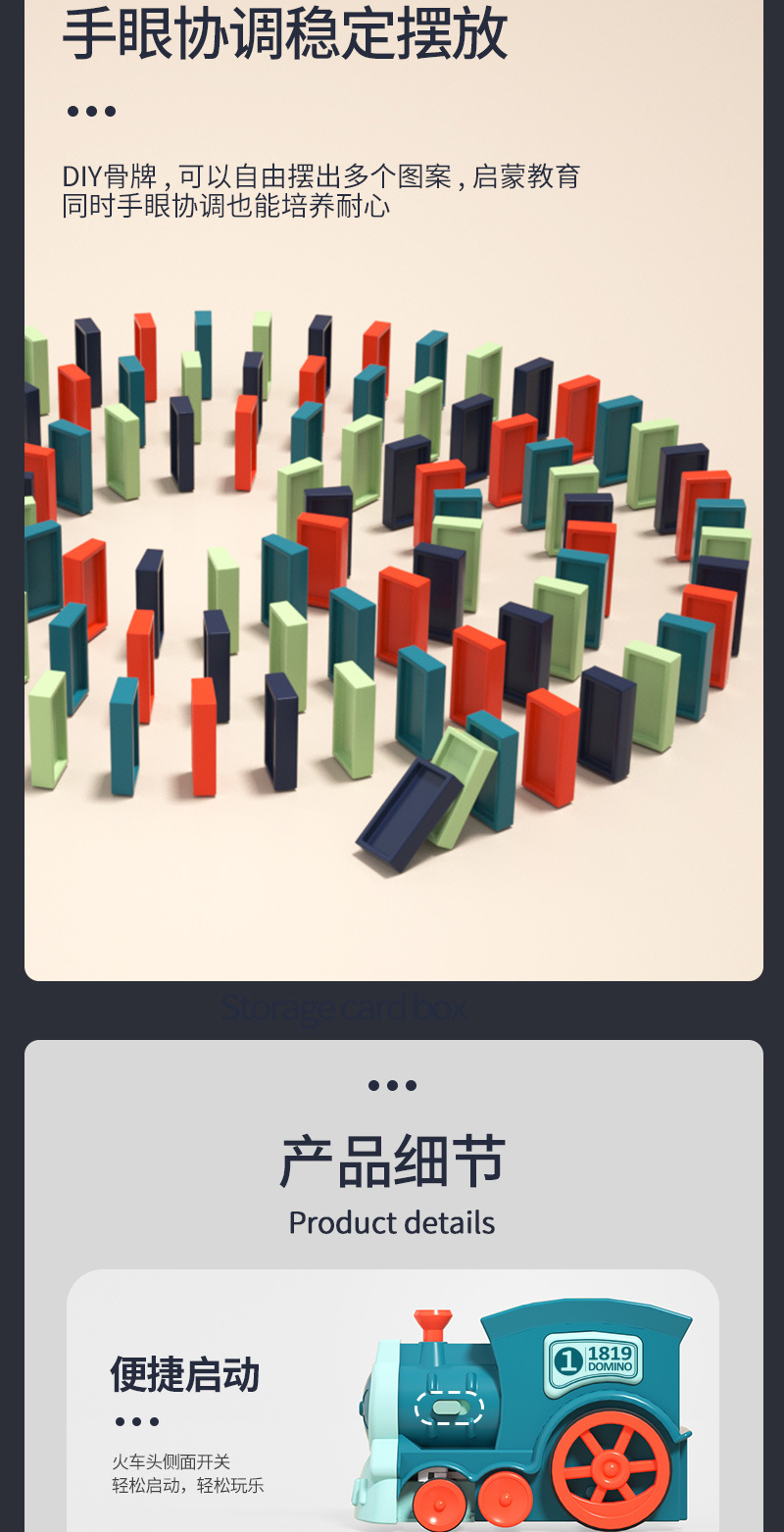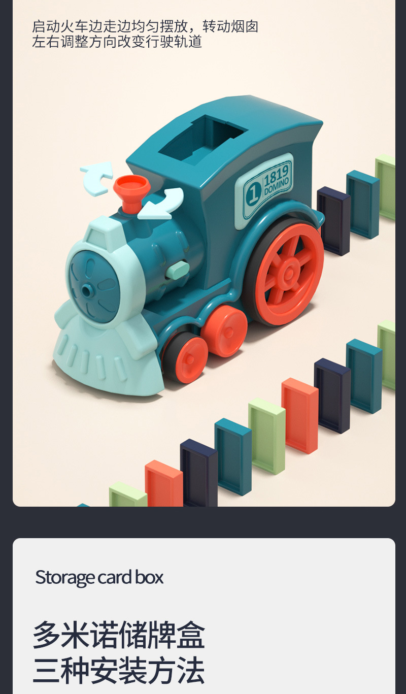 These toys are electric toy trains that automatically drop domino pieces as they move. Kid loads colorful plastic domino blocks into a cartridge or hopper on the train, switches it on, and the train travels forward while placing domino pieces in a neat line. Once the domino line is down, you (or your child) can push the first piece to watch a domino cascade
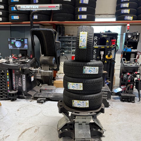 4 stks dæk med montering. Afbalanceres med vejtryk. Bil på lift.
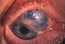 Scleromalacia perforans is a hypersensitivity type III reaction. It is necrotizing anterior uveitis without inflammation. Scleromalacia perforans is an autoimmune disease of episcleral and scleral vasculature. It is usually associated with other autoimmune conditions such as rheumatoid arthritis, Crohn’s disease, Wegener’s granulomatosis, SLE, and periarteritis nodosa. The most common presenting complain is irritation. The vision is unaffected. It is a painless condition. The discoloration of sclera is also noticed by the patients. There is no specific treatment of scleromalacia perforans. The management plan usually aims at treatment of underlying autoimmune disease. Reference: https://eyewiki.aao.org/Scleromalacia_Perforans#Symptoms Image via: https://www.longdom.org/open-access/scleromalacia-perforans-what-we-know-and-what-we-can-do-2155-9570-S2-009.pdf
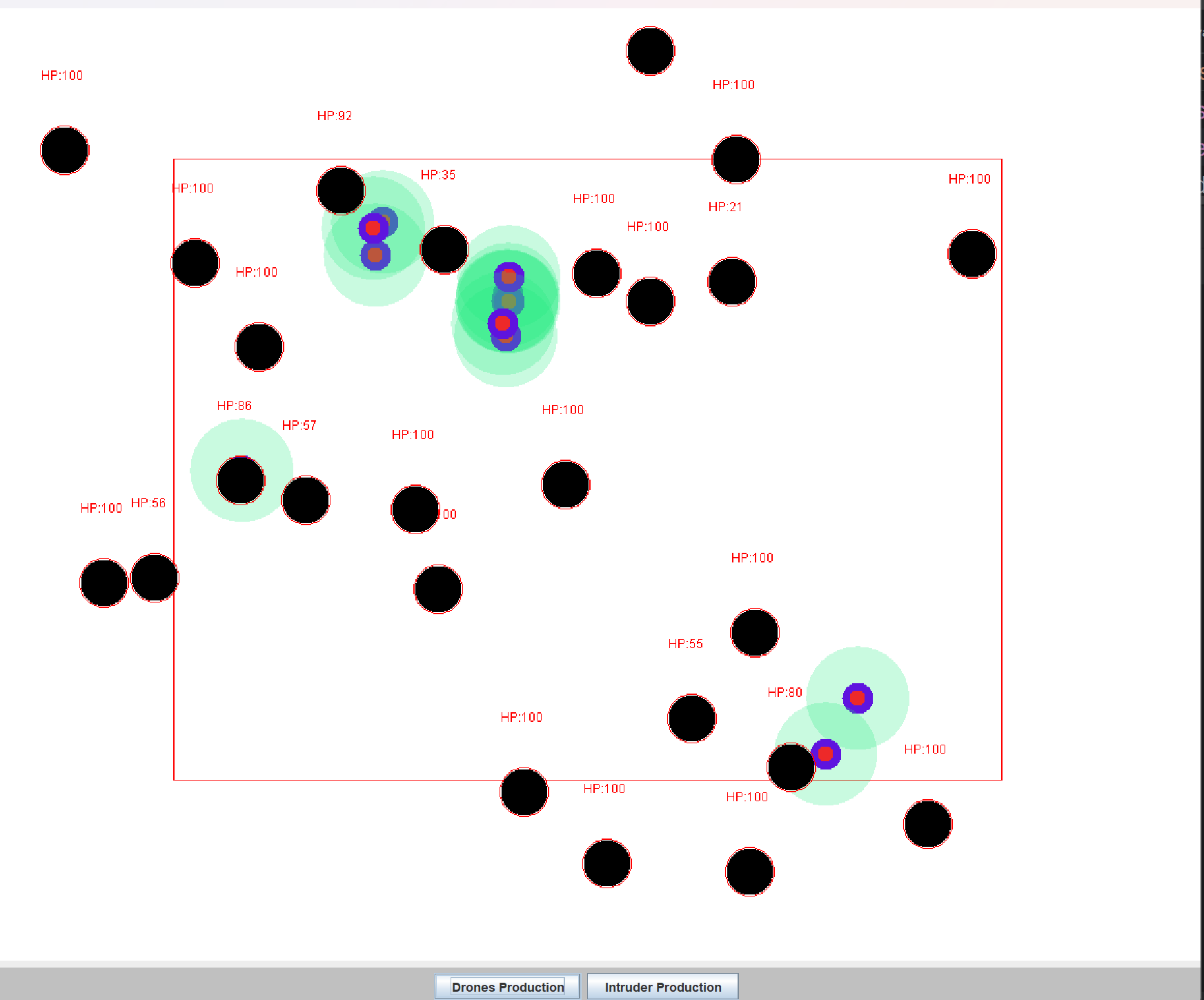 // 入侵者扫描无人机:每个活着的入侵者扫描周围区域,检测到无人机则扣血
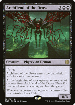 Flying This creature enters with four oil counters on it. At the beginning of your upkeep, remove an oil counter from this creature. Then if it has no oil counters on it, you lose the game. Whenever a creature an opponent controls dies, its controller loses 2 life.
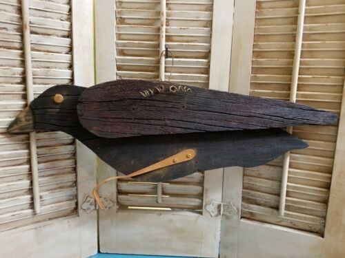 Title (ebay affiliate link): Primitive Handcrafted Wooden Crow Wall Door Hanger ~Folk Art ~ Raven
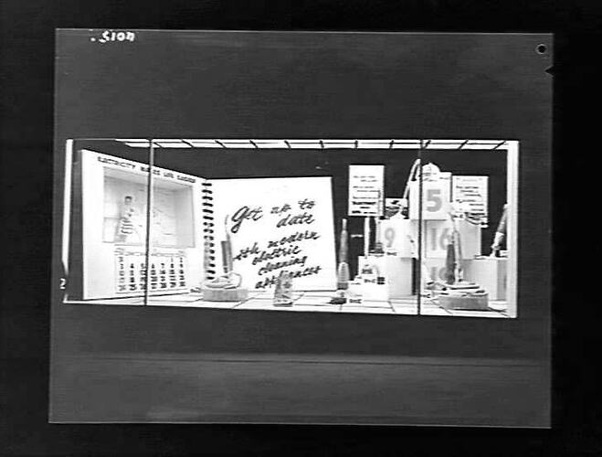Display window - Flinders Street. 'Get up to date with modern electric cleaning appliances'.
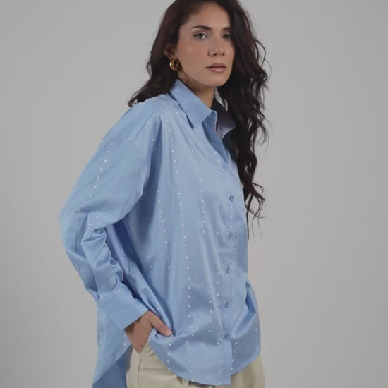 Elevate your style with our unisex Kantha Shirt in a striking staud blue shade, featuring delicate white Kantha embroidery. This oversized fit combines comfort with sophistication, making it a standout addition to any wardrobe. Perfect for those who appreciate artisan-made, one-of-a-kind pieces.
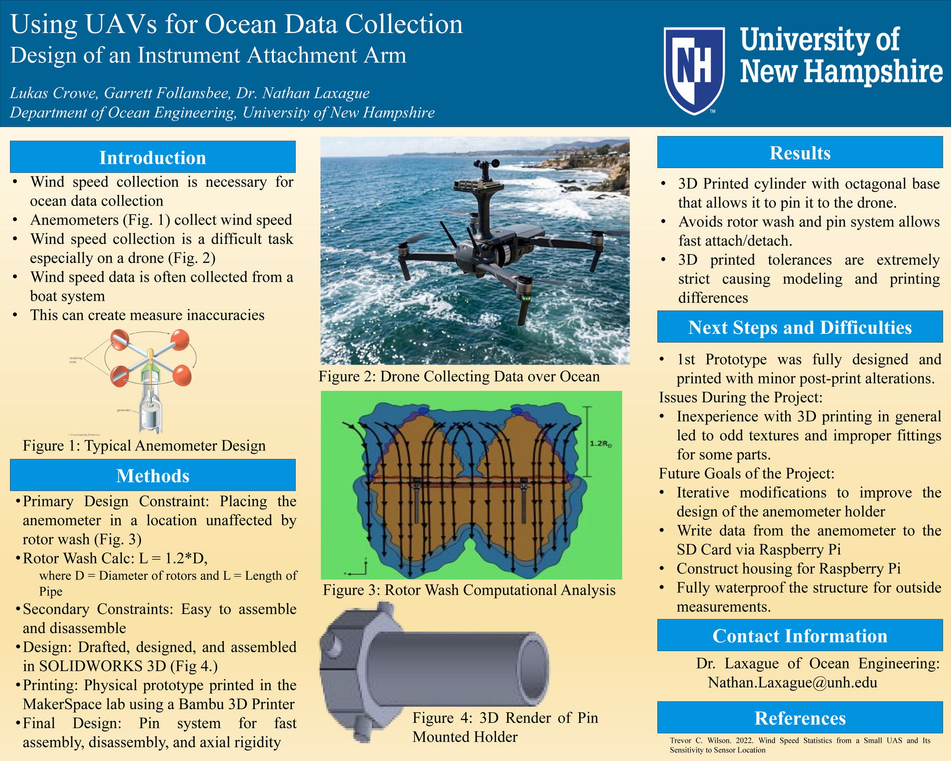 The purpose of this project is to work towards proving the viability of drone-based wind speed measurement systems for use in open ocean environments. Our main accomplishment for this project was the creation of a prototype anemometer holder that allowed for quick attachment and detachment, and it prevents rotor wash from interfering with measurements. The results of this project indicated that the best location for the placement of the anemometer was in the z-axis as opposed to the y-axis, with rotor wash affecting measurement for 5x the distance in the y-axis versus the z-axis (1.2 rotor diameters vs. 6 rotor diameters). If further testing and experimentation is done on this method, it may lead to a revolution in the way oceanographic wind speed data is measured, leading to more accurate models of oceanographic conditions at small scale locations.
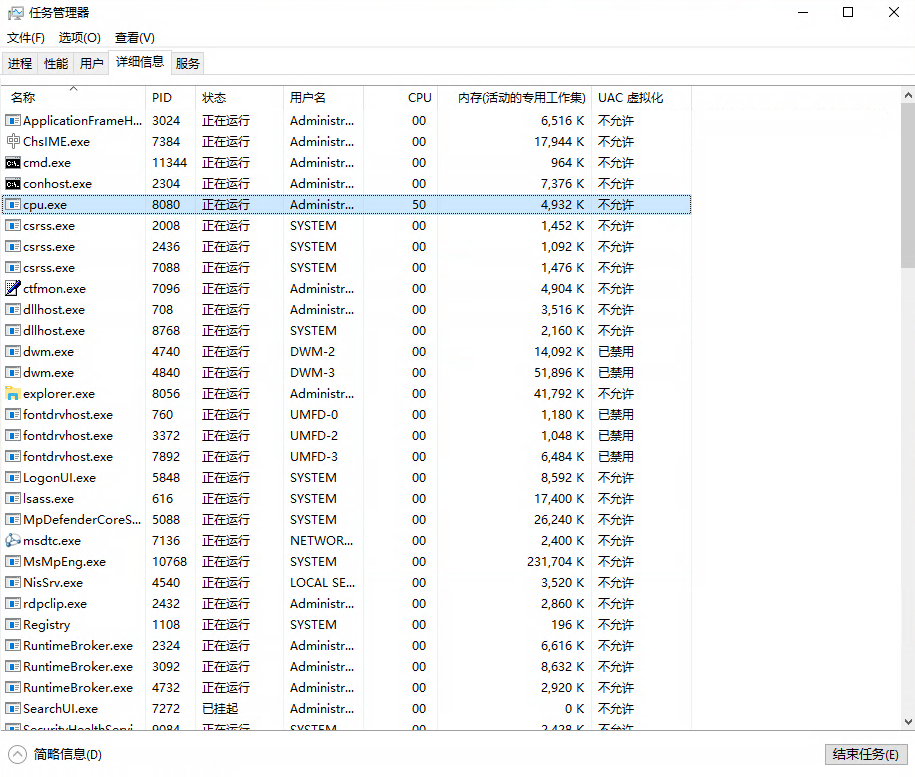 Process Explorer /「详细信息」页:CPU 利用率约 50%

● INSTRUCTIONS FOR THE TASK: Begin at the first line of the entries above and return each line exactly, stopping after the line that contains "4 stks dæk med". Pictures do not belong in the copy.

● OUTPUT OF THE EXERCISE:
 These toys are electric toy trains that automatically drop domino pieces as they move. Kid loads colorful plastic domino blocks into a cartridge or hopper on the train, switches it on, and the train travels forward while placing domino pieces in a neat line. Once the domino line is down, you (or your child) can push the first piece to watch a domino cascade
 4 stks dæk med montering. Afbalanceres med vejtryk. Bil på lift.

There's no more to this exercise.